Three inshore images from Figure 8 (one of the ocean, two of the harbor) were chosen to show the detection results of the different methods. In the image of the entire sea, the pre-trained network model produced false alarms and was hardly able to detect the ship objects, while our model was able to detect the ships in the inshore images. In the next two images, the pre-trained network model also failed to detect the ship objects, while our model was able to detect ships in the inshore images.

3.5. Comparison with Other Data Augmentation Methods

In this part of the experiment, 60 inshore remote sensing ship images were selected. Then, these 60 images were further processed with our data augmentation method and used to generate 60 simulated inshore images. In each simulated image, the number of ships that was projected into the image is approximately 3. Thus, these simulated images contain both real ship objects and simulated ship objects.

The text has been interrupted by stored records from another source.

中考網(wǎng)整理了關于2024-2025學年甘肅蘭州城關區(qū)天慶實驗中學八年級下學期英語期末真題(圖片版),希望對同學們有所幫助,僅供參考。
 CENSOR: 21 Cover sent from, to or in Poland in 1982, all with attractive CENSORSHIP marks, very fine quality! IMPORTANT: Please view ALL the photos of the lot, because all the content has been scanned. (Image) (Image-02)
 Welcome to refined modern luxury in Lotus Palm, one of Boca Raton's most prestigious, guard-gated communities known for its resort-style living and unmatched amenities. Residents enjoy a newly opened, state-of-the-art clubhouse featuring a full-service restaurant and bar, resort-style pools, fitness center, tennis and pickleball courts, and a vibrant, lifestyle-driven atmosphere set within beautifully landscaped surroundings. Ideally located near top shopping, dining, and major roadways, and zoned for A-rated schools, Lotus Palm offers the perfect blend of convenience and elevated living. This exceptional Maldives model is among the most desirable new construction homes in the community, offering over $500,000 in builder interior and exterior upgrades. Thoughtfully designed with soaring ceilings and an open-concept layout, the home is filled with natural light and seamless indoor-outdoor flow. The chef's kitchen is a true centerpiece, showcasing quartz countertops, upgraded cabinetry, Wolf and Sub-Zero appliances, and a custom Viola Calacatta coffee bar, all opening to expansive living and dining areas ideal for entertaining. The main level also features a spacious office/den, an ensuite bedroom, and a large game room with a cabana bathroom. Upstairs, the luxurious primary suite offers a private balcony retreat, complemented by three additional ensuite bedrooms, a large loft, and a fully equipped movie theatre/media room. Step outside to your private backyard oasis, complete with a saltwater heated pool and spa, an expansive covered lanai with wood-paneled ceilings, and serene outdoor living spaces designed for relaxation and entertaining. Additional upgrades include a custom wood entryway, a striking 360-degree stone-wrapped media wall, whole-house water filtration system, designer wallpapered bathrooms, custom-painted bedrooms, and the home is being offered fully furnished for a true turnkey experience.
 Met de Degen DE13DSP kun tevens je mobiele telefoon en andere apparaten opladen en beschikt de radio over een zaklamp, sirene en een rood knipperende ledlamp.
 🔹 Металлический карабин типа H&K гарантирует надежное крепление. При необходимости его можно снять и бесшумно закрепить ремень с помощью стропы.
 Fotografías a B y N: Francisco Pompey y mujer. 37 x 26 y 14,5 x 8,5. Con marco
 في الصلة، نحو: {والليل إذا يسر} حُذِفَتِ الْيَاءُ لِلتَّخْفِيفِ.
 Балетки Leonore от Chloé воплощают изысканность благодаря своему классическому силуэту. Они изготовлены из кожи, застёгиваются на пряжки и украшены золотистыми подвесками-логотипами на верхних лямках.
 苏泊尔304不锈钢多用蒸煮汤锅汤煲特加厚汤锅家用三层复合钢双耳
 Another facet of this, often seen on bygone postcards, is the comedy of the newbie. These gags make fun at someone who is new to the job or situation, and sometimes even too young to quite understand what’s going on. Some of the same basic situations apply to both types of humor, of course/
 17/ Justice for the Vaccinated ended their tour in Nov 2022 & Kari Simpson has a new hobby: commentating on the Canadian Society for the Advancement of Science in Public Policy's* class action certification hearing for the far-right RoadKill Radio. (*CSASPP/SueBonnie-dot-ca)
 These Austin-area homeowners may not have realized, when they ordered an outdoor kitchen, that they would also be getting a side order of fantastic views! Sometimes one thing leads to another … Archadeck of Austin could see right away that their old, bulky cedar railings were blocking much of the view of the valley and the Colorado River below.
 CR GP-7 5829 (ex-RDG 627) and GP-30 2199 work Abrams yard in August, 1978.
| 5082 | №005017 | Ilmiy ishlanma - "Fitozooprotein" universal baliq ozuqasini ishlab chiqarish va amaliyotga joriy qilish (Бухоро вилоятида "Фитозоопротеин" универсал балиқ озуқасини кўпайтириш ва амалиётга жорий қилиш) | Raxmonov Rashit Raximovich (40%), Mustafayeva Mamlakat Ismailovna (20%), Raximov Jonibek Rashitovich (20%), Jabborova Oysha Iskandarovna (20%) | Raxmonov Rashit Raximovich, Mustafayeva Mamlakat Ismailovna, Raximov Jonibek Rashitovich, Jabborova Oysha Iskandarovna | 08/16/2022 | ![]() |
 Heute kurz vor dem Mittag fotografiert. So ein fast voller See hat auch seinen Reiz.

In this section, a proper comparison with other data augmentation methods is performed. The other data augmentation methods we chose were noise perturbation, flipping, and rotation. We experimented on the real images and the simulated images with these data augmentation methods. In the data augmentation method of noise perturbation, Gaussian noise was added to the images. Moreover, in the data augmentation method of flipping, the images were flipped up and down, and left and right. Then, in the data augmentation method of rotation, the images were rotated three times; the angles of rotation were 90°, 180°, and 270°. The two groups of 60 images were processed using these data augmentation methods. The same 100 images with 651 samples were tested using the models obtained from these groups, and the results are compared as shown in Table 2 and Figure 9. After the 60 real images were processed with the different data augmentation methods, we trained the network with these images. Then, the detection model was used to test 100 images with 651 samples. We selected two representative images from the 100 test inshore images: an image of the harbor near the coast; and an image of the sea’s surface. Figure 9 shows the test results of these two images for each method.

From Table 2 and Figure 9, we can see that the precision and F-measure of the 60 real images are 2.31% and 4.5%, respectively. As shown in Figure 9a,b, the ships were barely detected. When the noise perturbation data augmentation method was used on the 60 real images, the precision and F-measure were 5.53% and 10.48%, respectively. As shown in Figure 9c,d, a few ships were detected in the test images when the method of flipping was used on the real images, as the number of images was increased and the results were better. The precision was 33.64%, and the F-measure was 49.38%. It can also be seen in Figure 9e,f that some ships were detected when method of rotation was used on the real images. The precision was 42.95%, and the F-measure was 57.46%. As shown in Figure 9g,h, when the flip and rotation methods were both applied to the real images, the best results were obtained. The precision and the F-measure of the real images are 69.17% and 75.60%, respectively. As seen in Figure 9i,j, most of the ships in the images were detected. These results show that the data augmentation method can effectively improve the detection results by increasing the number of training samples.

Compared with the 60 real images, the results were further improved when these same data augmentation methods were applied to the 60 simulated images. The precision and F-measure of the simulated 60 images are 12.44% and 22.10%, respectively. Compared with the 60 real images, the precision and F-measure are 2.31% and 4.5%, respectively. As shown in Figure 9k,l, some ships were detected. Moreover, for the noise perturbation method, the precision changed from 5.53% to 12.44%, and the F-measure changed from 10.48% to 22.10%, which can be seen in Figure 9m,n, in which some ships were detected. For the flipping method, the precision changed from 33.64% to 61.74%, and the F-measure changed from 49.38% to 71.36%. As shown in Figure 9o,p, most of the ships in the images were detected. For the rotation method, the precision changed from 42.95% to 69.26%, and the F-measure changed from 57.46% to 73.62%. It can also be seen in Figure 9q,r that most of the ships in the images were detected. When using both the flip and rotate methods to process images, the best detection results were obtained. The model that was trained with real images obtained a precision of 69.17%, a recall of 83.64%, and an F-measure of 75.60%. The model that was trained with simulated images obtained a precision of 75.57%, a recall of 82.82%, and an F-measure of 79.04%.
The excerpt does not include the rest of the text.